Start of Supplied information

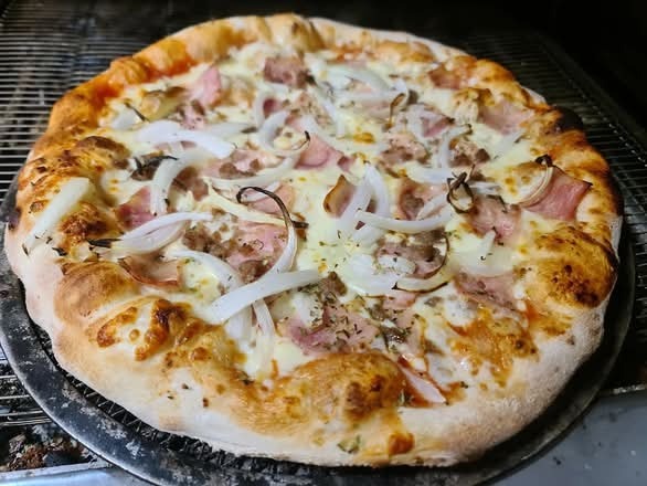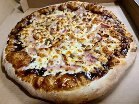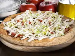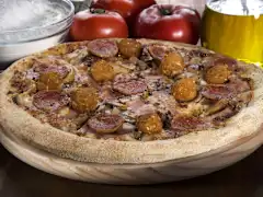 Masa fresca, salsa barbacoa,mozzarella 100%, carne de ternera, doble de bacon ahumado,pollo y orégano.
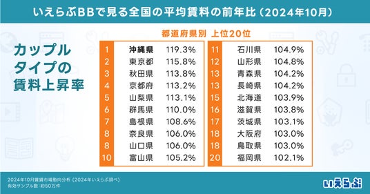 2.カップルタイプの平均賃料、沖縄県119.3%が東京都115.8%を抜き全国トップに!
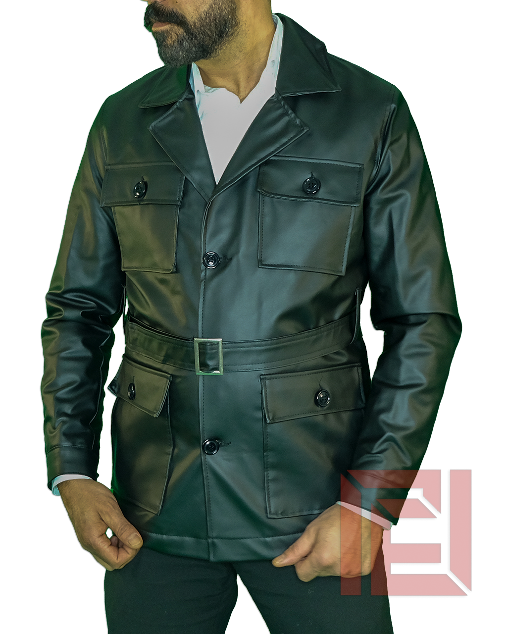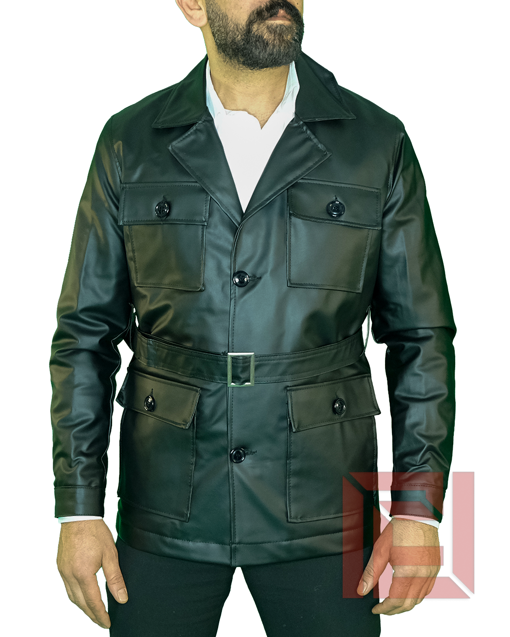Önden düğme kapamalı tasarımı klasik şıklığı desteklerken, geniş yaka formu modele maskülen ve net bir ifade kazandırır. Göğüs ve bel kısmındaki kapaklı cepler hem estetik hem de fonksiyonel kullanım sunar. Belde yer alan ayarlanabilir kemer detayı, ceketin vücuda daha dengeli ve güçlü bir formda oturmasını sağlar.

End of Supplied information

**The task:** From the material above, print everything exactly except the pictures.

**Reply to the task:**
 Masa fresca, salsa barbacoa,mozzarella 100%, carne de ternera, doble de bacon ahumado,pollo y orégano.
 2.カップルタイプの平均賃料、沖縄県119.3%が東京都115.8%を抜き全国トップに!
Önden düğme kapamalı tasarımı klasik şıklığı desteklerken, geniş yaka formu modele maskülen ve net bir ifade kazandırır. Göğüs ve bel kısmındaki kapaklı cepler hem estetik hem de fonksiyonel kullanım sunar. Belde yer alan ayarlanabilir kemer detayı, ceketin vücuda daha dengeli ve güçlü bir formda oturmasını sağlar.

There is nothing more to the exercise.